Total cost for the entire experiment: $26.75
The Grades
B+ — Qwen 3.6+ Free ($0.00, 50m 51s)
The winner. 163 trivia facts and 22 in-depth stories (though some appear to be 2-3x duplicated). Beautiful warm earth-tone design with olive and brown hues, gold accents, a "Built for Mike" badge, and category tags with article counts across 12 categories. Working search, quiz functionality, a timeline feature, and a "Surprise Me" button. The most feature-complete site in the competition.
It needed one nudge and took the longest to build (50 minutes), but produced a site that looks like it had a professional designer behind it. For zero dollars.
Verdict: Best bang-for-buck ratio in history — infinite, because the buck is zero. Slight ding for duplicate content.
B — Claude Opus 4.6 ($3.20, 36m 50s)
60 trivia facts and 12 in-depth stories. Professional dark navy and gold design, stat counters, "Explore Categories" and "Random Fact" buttons. Search works well. No nudges needed — Opus worked through errors autonomously, adapting its approach when file writes failed.
Nice design but slightly marred by overuse of emojis in headers. No quiz functionality.
Verdict: Reliable and autonomous. Twice the price of Sonnet for similar quality. Worth it when you need zero babysitting.
B — Claude Sonnet 4.6 ($1.62, 15m 31s)
50 trivia facts and 11 long-form stories. Elegant dark theme called "The Hidden History of WW2" with gold accents, browseable category cards (Animals in War, Bizarre Weapons, Forgotten Battles, Home Front Secrets, Medical Miracles). Working quiz functionality, interesting layout with emoji logos done more tastefully than Opus. A bit busy visually.
Completed in just 15 minutes with zero nudges — the fastest autonomous completion of any high-quality site.
Verdict: The best value in the competition. Fast, cheap, autonomous, and solid output. The default pick for production use.
C+ — MiniMax M2.7 ($1.07, 30m 20s)
22 articles and 27 trivia facts. Dark, atmospheric design with gold text reading "The WWII Stories They Didn't Teach You." Nice welcome page and decent layout with a moody, magazine-style aesthetic.

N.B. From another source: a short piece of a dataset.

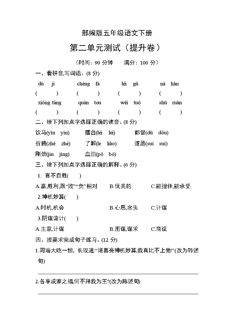 鸡娃题库推出部编版小学五年级语文下册第二单元测试(提升卷)📈。本套试卷专为追求卓越的学生设计,题目难度显著提升,注重培养学生的批判性思维和创造性表达能力。

No quiz functionality. Simple but presentable.
Needed 2 nudges to complete.
Verdict: Cheap and stylish, but thin on content and features. Good aesthetics, limited substance.
C+ — Qwen 3.5+ ($0.69, 18m 19s)
16 stories, 12 heroes honored, and 28 trivia quiz questions. A well-structured PHP site called "WW2 Trivia Archive" with Playfair Display fonts, hero section with CTA buttons, stat cards, and a clean dark theme. Features include separate Stories, Heroes, Trivia Quiz, and Search pages. No nudges needed — fully autonomous.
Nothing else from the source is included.